(Exercise prompt) Find "Black Merry &" below and begin at its line; stop after the line with "2、滅蚊燈周圍不能有強光源照". Output those lines exactly, without pictures.

Records contained in a dataset:
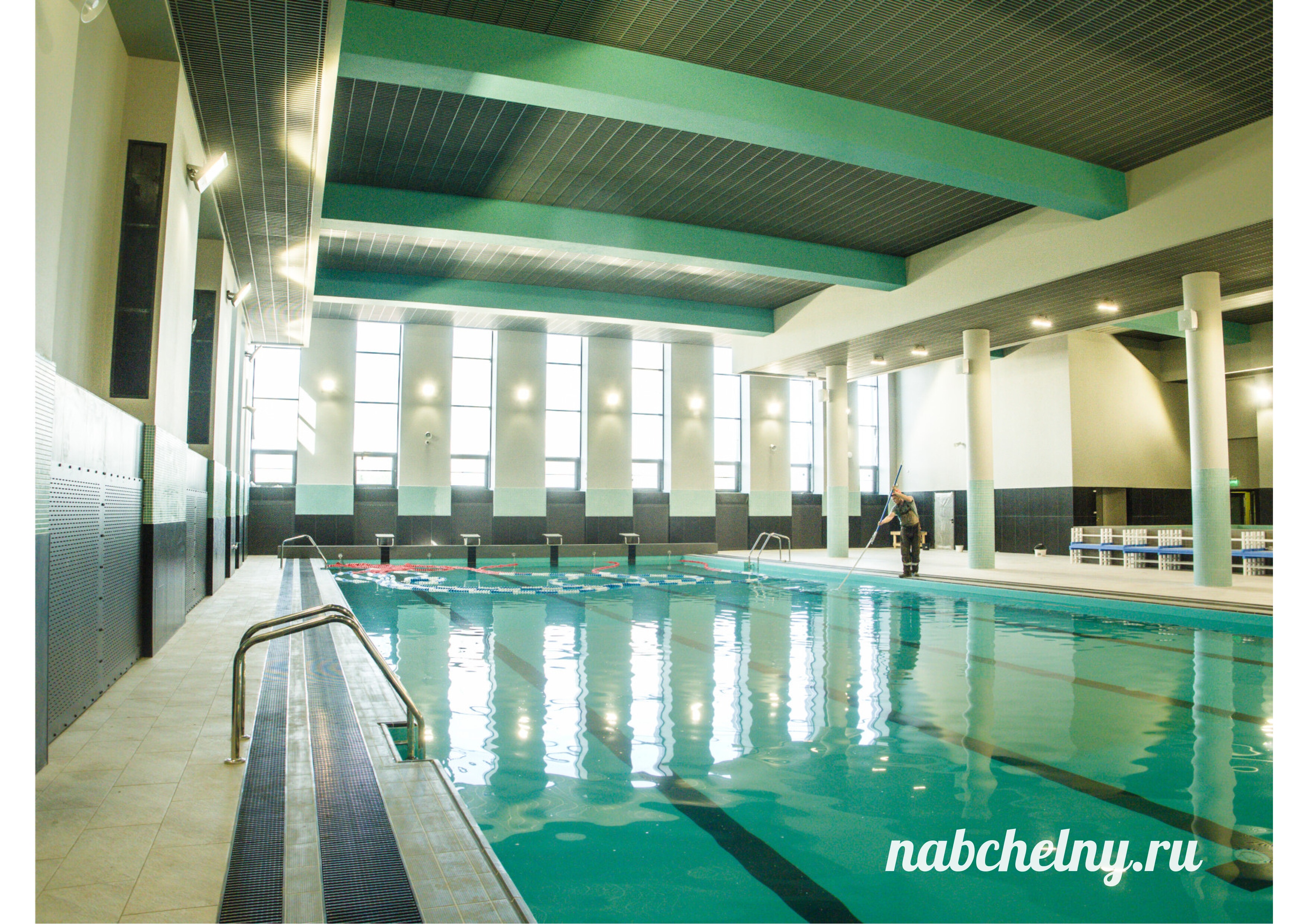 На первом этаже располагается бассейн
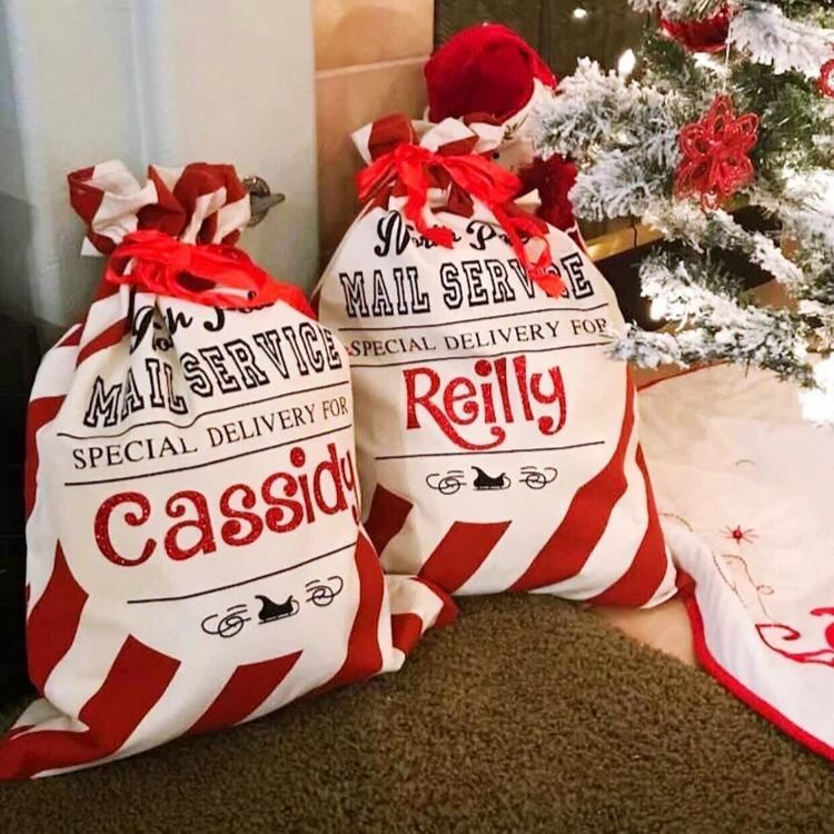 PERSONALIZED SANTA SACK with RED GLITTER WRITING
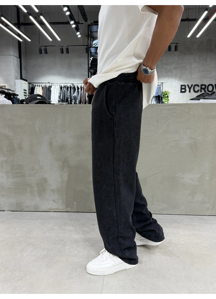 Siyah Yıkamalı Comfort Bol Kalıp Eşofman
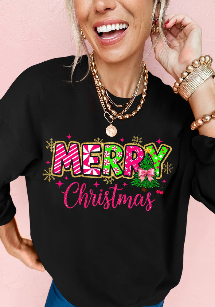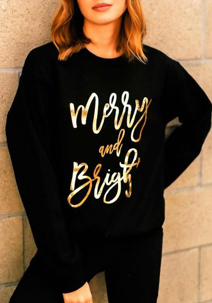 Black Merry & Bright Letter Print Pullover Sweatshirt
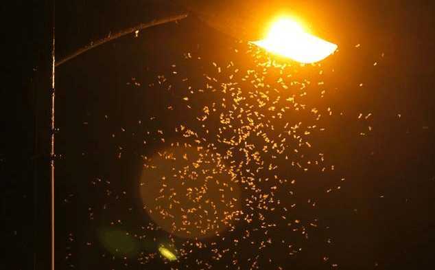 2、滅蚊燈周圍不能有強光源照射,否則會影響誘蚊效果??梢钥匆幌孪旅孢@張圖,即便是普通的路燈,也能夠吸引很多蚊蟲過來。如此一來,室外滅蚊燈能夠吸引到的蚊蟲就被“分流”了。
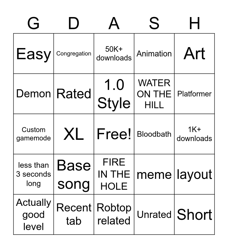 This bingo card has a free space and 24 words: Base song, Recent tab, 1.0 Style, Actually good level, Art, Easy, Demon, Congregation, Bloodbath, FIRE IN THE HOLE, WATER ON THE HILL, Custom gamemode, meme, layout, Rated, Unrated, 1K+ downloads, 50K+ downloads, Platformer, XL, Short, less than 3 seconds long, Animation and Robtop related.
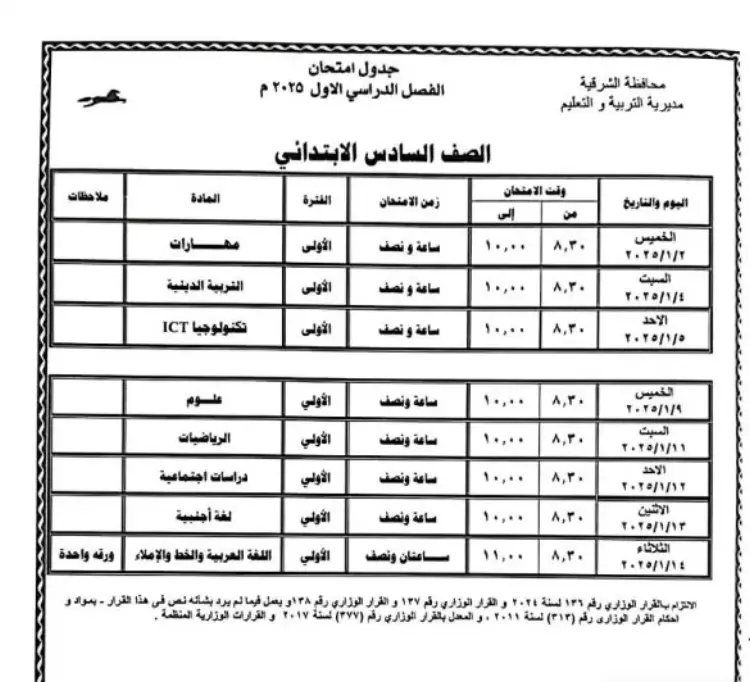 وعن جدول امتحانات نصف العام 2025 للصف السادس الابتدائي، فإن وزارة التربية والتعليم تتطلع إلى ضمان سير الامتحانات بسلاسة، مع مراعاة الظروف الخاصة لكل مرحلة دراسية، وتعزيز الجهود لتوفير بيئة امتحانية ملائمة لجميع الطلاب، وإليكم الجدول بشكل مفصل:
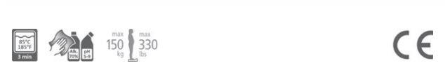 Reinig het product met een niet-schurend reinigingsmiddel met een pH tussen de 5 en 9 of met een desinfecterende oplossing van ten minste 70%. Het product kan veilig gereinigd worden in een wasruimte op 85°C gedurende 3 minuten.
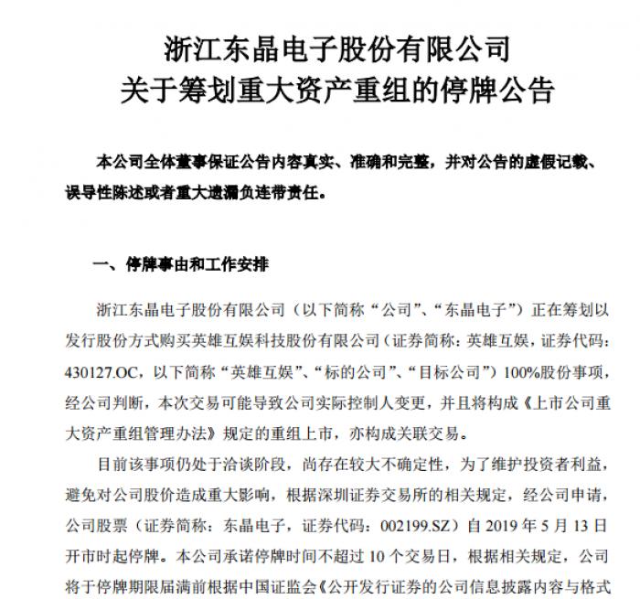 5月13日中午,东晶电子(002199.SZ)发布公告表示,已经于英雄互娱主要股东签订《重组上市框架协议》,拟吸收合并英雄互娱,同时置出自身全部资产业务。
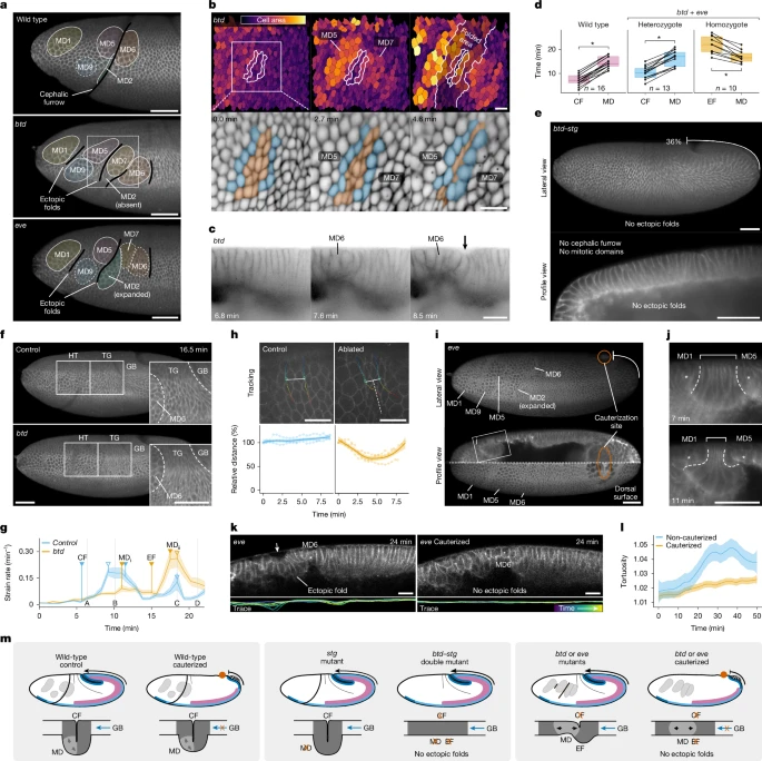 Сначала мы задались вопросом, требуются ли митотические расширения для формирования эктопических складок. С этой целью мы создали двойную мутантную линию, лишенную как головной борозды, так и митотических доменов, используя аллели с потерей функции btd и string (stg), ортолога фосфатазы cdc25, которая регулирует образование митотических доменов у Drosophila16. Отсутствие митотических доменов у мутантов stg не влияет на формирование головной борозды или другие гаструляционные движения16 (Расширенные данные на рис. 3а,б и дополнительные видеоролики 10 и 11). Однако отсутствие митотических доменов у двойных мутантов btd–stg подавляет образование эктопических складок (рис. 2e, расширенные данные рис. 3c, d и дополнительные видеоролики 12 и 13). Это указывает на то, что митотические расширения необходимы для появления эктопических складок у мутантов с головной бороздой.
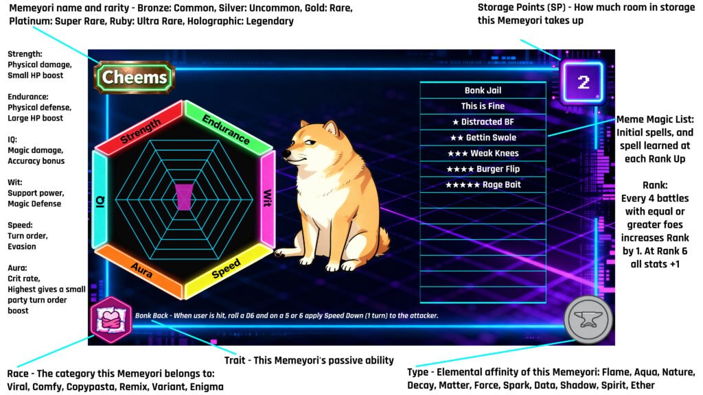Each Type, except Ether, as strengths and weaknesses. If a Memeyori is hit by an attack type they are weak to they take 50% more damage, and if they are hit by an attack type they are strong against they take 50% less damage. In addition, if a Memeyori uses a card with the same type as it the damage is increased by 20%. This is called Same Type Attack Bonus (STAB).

(Answer to this exercise)
 Black Merry & Bright Letter Print Pullover Sweatshirt
 2、滅蚊燈周圍不能有強光源照射,否則會影響誘蚊效果??梢钥匆幌孪旅孢@張圖,即便是普通的路燈,也能夠吸引很多蚊蟲過來。如此一來,室外滅蚊燈能夠吸引到的蚊蟲就被“分流”了。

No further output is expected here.